*WORK REQUIRED*. From the listing below, restate word for word the lines from the line containing "朝学校に集合して、みんなで歩" down through the line containing "Zanim biesiadnicy zasiedli". Exclude pictures.
━━━━━ DATASET RECORDS ━━━━━
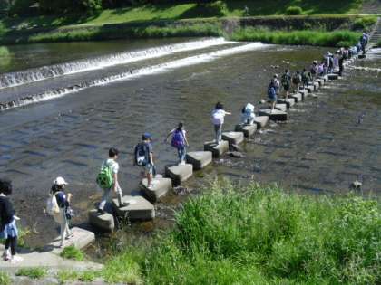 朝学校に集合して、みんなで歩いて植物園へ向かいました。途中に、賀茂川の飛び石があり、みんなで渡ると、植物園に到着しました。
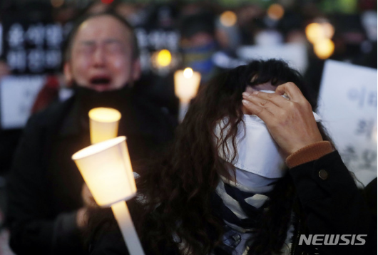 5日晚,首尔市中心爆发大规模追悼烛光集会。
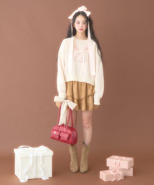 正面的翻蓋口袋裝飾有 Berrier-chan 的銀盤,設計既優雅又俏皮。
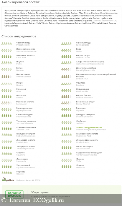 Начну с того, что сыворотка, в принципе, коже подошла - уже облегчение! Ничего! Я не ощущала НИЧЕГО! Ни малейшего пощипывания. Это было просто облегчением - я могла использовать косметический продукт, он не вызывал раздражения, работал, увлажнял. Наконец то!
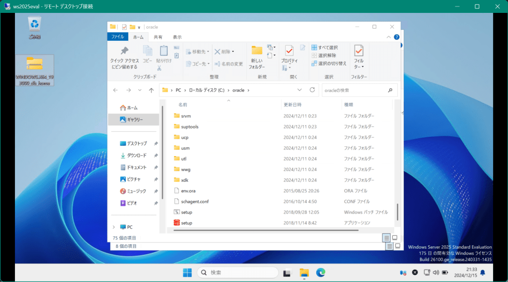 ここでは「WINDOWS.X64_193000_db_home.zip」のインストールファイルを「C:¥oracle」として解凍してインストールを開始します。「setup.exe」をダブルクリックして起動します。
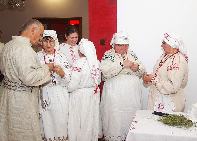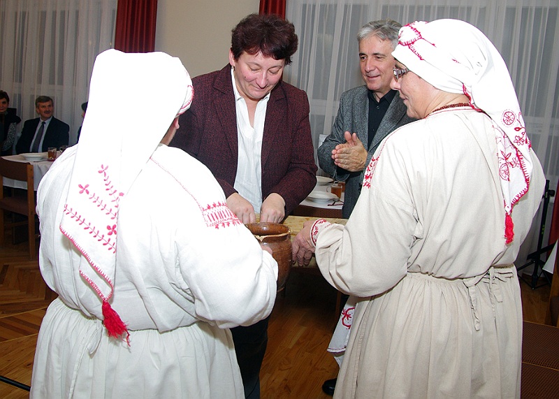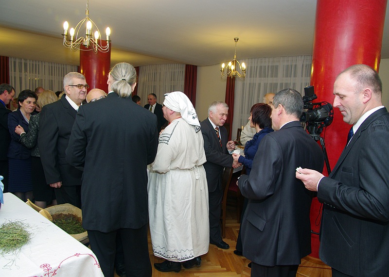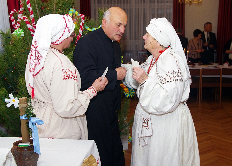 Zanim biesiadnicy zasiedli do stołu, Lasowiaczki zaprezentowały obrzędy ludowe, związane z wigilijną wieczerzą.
━━━━━
━━━━━ DATASET RECORDS ━━━━━
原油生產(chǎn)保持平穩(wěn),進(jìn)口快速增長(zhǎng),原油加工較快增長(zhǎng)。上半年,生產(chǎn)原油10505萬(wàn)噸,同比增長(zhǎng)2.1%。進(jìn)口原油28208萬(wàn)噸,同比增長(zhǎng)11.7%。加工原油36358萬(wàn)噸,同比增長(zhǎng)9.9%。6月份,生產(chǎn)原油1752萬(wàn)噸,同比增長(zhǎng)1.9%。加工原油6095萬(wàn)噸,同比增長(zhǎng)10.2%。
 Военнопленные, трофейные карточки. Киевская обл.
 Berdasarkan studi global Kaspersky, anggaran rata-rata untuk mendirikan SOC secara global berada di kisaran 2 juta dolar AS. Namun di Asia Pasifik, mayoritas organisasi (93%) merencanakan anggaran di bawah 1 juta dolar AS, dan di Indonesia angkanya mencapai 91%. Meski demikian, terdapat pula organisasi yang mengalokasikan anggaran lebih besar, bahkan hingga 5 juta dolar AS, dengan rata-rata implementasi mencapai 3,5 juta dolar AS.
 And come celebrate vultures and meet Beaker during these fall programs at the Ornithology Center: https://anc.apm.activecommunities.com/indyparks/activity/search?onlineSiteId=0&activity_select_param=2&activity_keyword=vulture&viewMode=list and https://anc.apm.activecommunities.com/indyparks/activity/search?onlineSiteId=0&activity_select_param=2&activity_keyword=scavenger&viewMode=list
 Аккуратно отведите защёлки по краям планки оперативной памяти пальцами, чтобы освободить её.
━━━━━
*SOLUTION TO THIS TASK*.
 朝学校に集合して、みんなで歩いて植物園へ向かいました。途中に、賀茂川の飛び石があり、みんなで渡ると、植物園に到着しました。
 5日晚,首尔市中心爆发大规模追悼烛光集会。
 正面的翻蓋口袋裝飾有 Berrier-chan 的銀盤,設計既優雅又俏皮。
 Начну с того, что сыворотка, в принципе, коже подошла - уже облегчение! Ничего! Я не ощущала НИЧЕГО! Ни малейшего пощипывания. Это было просто облегчением - я могла использовать косметический продукт, он не вызывал раздражения, работал, увлажнял. Наконец то!
 ここでは「WINDOWS.X64_193000_db_home.zip」のインストールファイルを「C:¥oracle」として解凍してインストールを開始します。「setup.exe」をダブルクリックして起動します。
 Zanim biesiadnicy zasiedli do stołu, Lasowiaczki zaprezentowały obrzędy ludowe, związane z wigilijną wieczerzą.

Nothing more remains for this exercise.